The notes emphasize storage of components separately for up to four days for lentils and cauliflower, and two days for the avocado dressing, which helps maintain freshness. Reheating instructions for lentils and cauliflower recommend gentle warming in a skillet, while tortillas can be refreshed with a brief microwave or skillet heat. Adjusting jalapeño in the dressing allows control over spiciness, and additional toppings can be added for variety.
Ingredients
For the tacos
- 1 head cauliflower chopped into small florets
- 2 tablespoon olive oil
- 8 corn tortillas
- salt to taste
- black pepper to taste
For the lentil filling
- 1 c brown lentils rinsed and drained, dry
- 2 tablespoon olive oil
- 1 small yellow onion finely chopped
- 3 cloves garlic minced
- 2 tablespoon tomato paste
- 1 teaspoon cumin ground
- ½ teaspoon salt sea salt
- ¼ teaspoon black pepper
- 1 ½ c vegetable broth
For the avocado dressing
- 1 ripe avocado
- 2 lime juiced
- 1 jalapeno pepper seeded and chopped
- ¼ c cilantro chopped, fresh
- ½ teaspoon garlic powder
- 1 teaspoon salt
- olive oil if needed
Instructions
- Preheat oven to 400°F (200°C).
- In a large bowl, toss the cauliflower florets with olive oil, sea salt, and black pepper.

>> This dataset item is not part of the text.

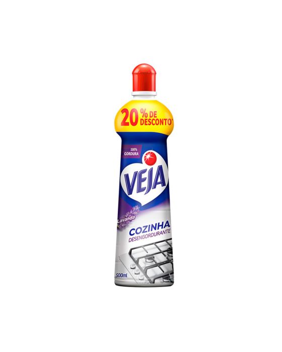 Caracteristicas:A linha Veja® Cozinha Desengordurante é perfeita para somar praticidade na limpeza de superfícies engorduradas. Sua ação instantânea remove até a gordura mais difícil e oferece resultados imbatíveis*.Detalhes:- Marca: Veja / Reckitt- Modelo: Squeeze- Quantidade: 500ml- Função: Desengordurante- Limpador de uso geral- Fragrância: Lavanda- Embalagem promocionalOnde usar:- Cozinhas ou em lugares que acumulem gordura.- Superfícies de alumínio, mármore, pintadas/esmaltados com serigrafia limpe imediatamente após a aplicação.- Para painéis de fogões, limpe com a superfície limpa.* Não use em superfícies de madeira natural.Modo de usar:- Aplique veja nas superfícies a serem limpas e, em seguida passe um pano ou esponja macia, para sujeiras mais díficeis deixe o produto agir por mais tempo.- Para uso em utenspílios de cozinha, siga os passos acima, lave com bastante água corrente e prossiga com a lavagem como de costume. Composição: - Lauramina Óxida,, Tensoativo Catiônico, Sequestrante, Alcalinizante, Solvente, Fragrância e Veículo. CONSERVE FORA DO ALCANCE DE CRIANÇAS E DOS ANIMAIS DOMÉSTICOS! * As especificações podem ser alteradas sem aviso prévio ** Imagem meramente ilustrativa
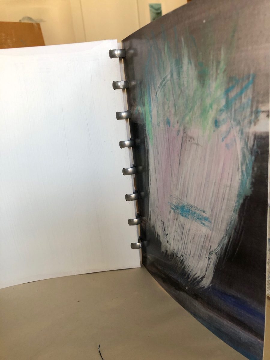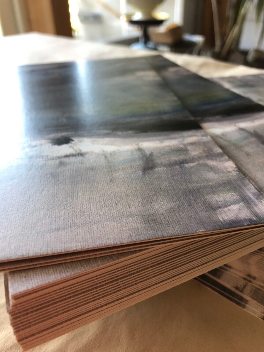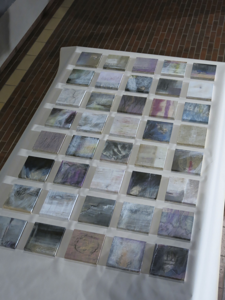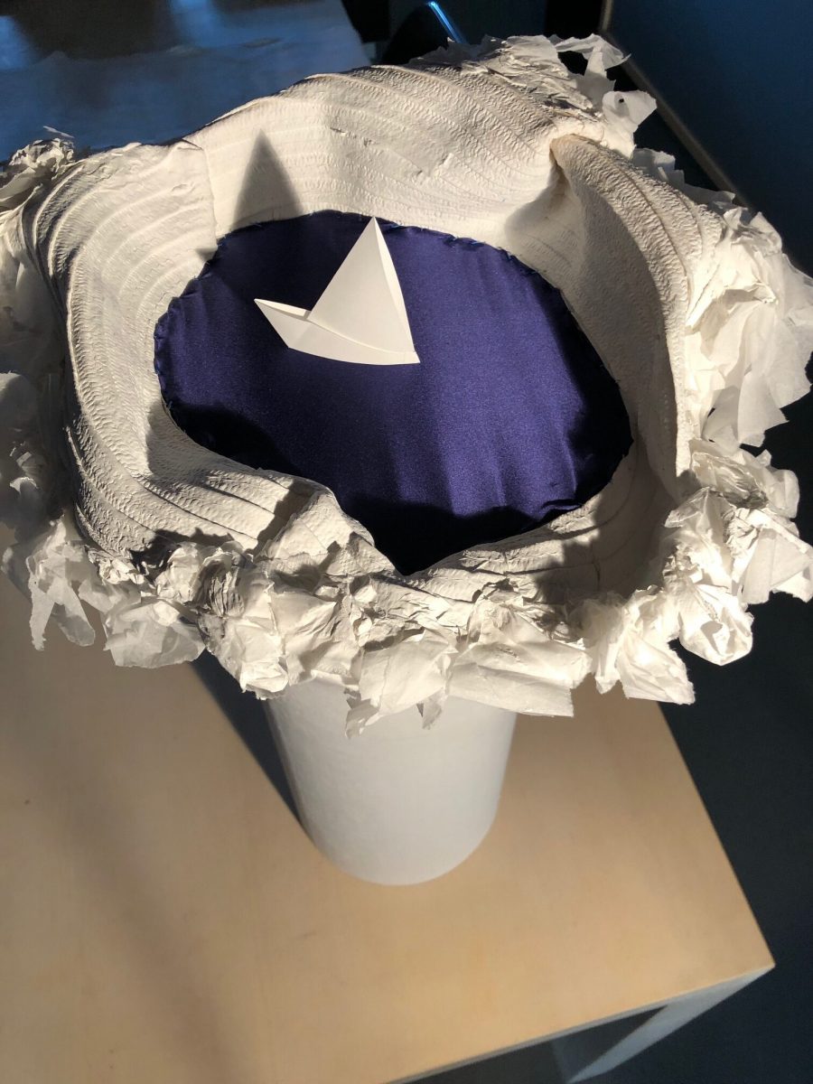 Stille Wasser, 2021; 18×26 Papiergeflecht, Kleenex, Satin/Nähfaden, Schreibpapier

- Spread the cauliflower out onto a baking sheet and roast in the oven for 20-25 minutes, or until golden brown and tender.
- In a medium pot, heat the olive oil over medium heat. Add the chopped onion and garlic and sauté for 2-3 minutes until the onions are translucent.
- Add the tomato paste, ground cumin, sea salt, and black pepper to the pot and stir to combine. Cook for an additional minute.
- Add the rinsed and drained brown lentils and vegetable broth to the pot.
- Bring to a boil, then reduce heat to low and simmer for 20-25 minutes, or until the lentils are tender and the liquid has been absorbed.
- While the lentils and cauliflower are cooking, prepare the dressing by blending the avocado, lime juice, jalapeño pepper, cilantro, garlic powder, and sea salt in a food processor.
- Blend until smooth. You can add olive oil (two tablespoons) if needed.
- Warm the corn tortillas in a dry skillet over medium-high heat until lightly browned and pliable.
- To assemble the tacos, spoon a few tablespoons of the lentil filling onto each tortilla, followed by a few pieces of roasted cauliflower. Drizzle the avocado dressing over the top of each taco and serve immediately.
Notes
- Store lentil filling and roasted cauliflower separately in airtight containers in the refrigerator for up to 4 days.
- Keep avocado dressing refrigerated in an airtight container and use within 2 days.
- Reheat lentil filling and cauliflower over medium heat in a skillet until warmed through.
- Refresh corn tortillas by wrapping them in a damp paper towel and microwaving briefly or warming in a skillet.
- Chop cauliflower into small florets to ensure even and quick roasting.
- Using vegetable broth to cook lentils enhances their flavor over water.
- Adjust jalapeño quantity in the avocado dressing to control the spiciness.
- Optional toppings like diced tomatoes, shredded lettuce, or vegan cheese can be added to the tacos.
Nutrition Information
Show DetailsNutrition Facts
Serving: 4Serving
Amount Per Serving
Calories 310 kcal
% Daily Value*
| Calories | 310kcal | 16% |
| Carbohydrates | 40g | 13% |
| Protein | 7g | 14% |
| Fat | 16g | 25% |
| Saturated Fat | 2g | 10% |
| Polyunsaturated Fat | 2g | 12% |
| Monounsaturated Fat | 11g | 55% |
| Sodium | 1358mg | 57% |
| Potassium | 707mg | 15% |
| Fiber | 8g | 32% |
| Sugar | 6g | 12% |
| Vitamin A | 441IU | 9% |
| Vitamin C | 87mg | 97% |
| Calcium | 103mg | 10% |
| Iron | 2mg | 11% |
* Percent Daily Values are based on a 2,000 calorie diet.